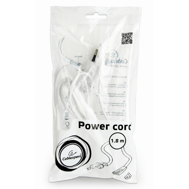 Cablu de alimentare - 1.8m - Cablexpert PC-184/2, 1.8 m, EU fișă de intrare cu 2 pini, Alb
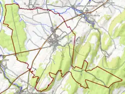 L'occupation des sols de la commune, telle qu'elle ressort de la base de données européenne d’occupation biophysique des sols Corine Land Cover (CLC), est marquée par l'importance des forêts et milieux semi-naturels (49 % en 2018), en diminution par rapport à 1990 (49,9 %). La répartition détaillée en 2018 est la suivante : forêts (45 %), terres arables (26,4 %), zones agricoles hétérogènes (11,9 %), prairies (8,6 %), milieux à végétation arbustive et/ou herbacée (4 %), zones urbanisées (3,5 %), mines, décharges et chantiers (0,6 %)[12]. L'évolution de l’occupation des sols de la commune et de ses infrastructures peut être observée sur les différentes représentations cartographiques du territoire : la carte de Cassini (XVIIIe siècle), la carte d'état-major (1820-1866) et les cartes ou photos aériennes de l'IGN pour la période actuelle (1950 à aujourd'hui)[Carte 1].
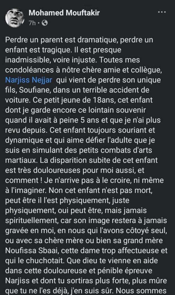 وقد أعلن هذا الخبر المخرج المغربي محمد مفتكر بتدوينة له عبر وسائل التواصل الاجتماعي وهي كتالي“كل التعازي لصديقتنا وزميلتي العزيزة، نرجس نجار التي فقدت للتو ابنها الوحيد، سفيان، في حادث سيارة مروع”.
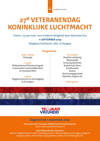Op woensdag 11 september vindt op de Vliegbasis Eindhoven hangaar de traditionele (27e) Veteranendag KLu plaats. Deze 27eeditie heeft als thema “75 jaar inzet voor vrede en veiligheid door veteranen KLu”.
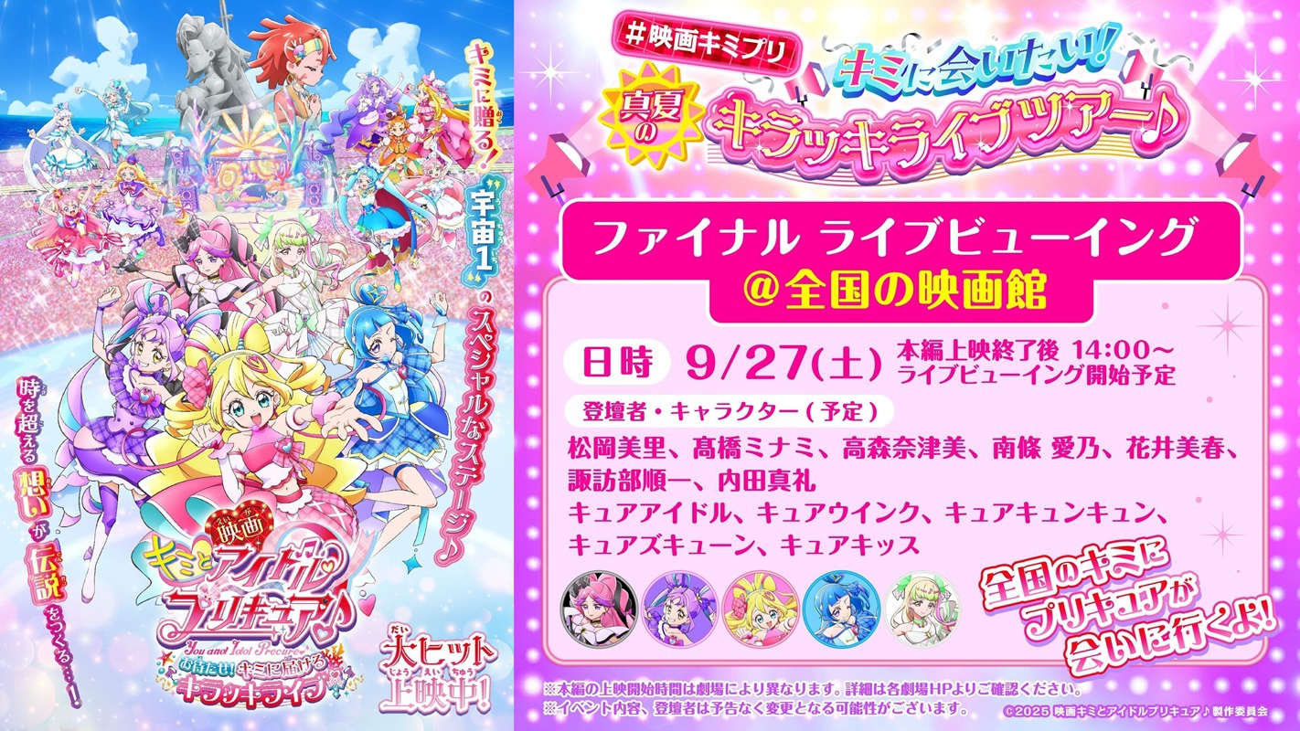 絶賛上映中『映画キミとアイドルプリキュア♪ お待たせ!キミに届けるキラッキライブ!』の「#映画キミプリ キミに会いたい!真夏のキラッキライブツアー」ファイナルライブビューイングの開催が決定いたしました!
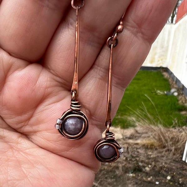 Unik håndlavet øreringe | Copper Roots – Freja | Kobber & Agat
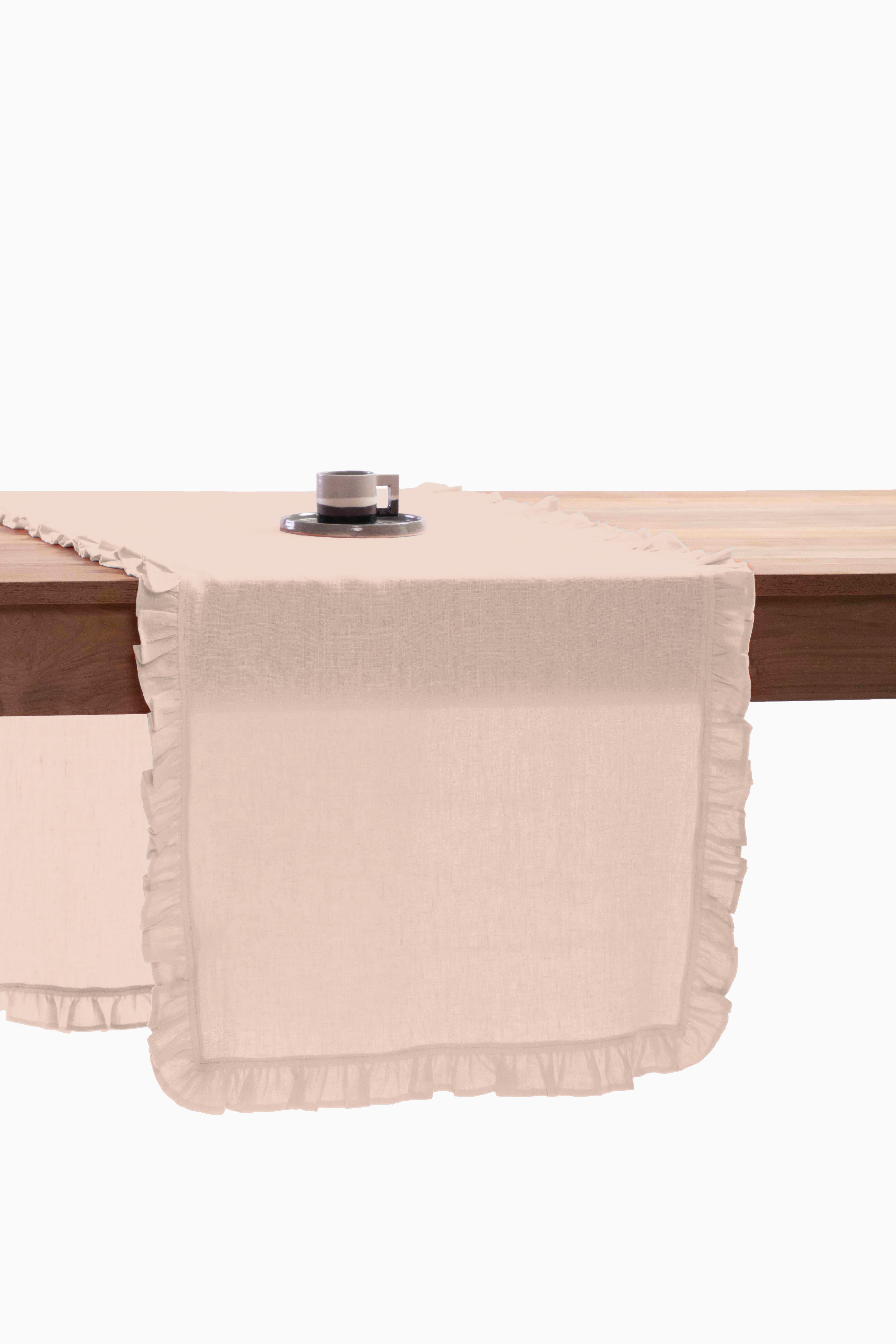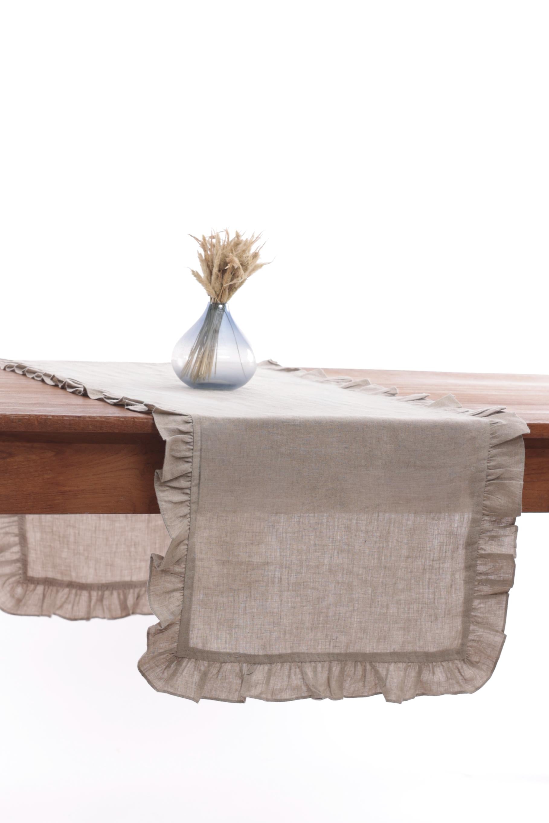 Linen Ruffle Medley Table Runner is designed to bring the utmost charm and delicacy to your dining. Our skilled artisans have crafted these gorgeous table linens with ruffled edges to elevate the vintage look of your table setup. Make a statement with these European Linen pieces today.

---------------

To do:
Nothing but the lines from the one containing "Unik håndlavet øreringe" through the final line of the entries above should be given again, each exactly as written; omit the pictures.

Expected answer:
 Unik håndlavet øreringe | Copper Roots – Freja | Kobber & Agat
 Linen Ruffle Medley Table Runner is designed to bring the utmost charm and delicacy to your dining. Our skilled artisans have crafted these gorgeous table linens with ruffled edges to elevate the vintage look of your table setup. Make a statement with these European Linen pieces today.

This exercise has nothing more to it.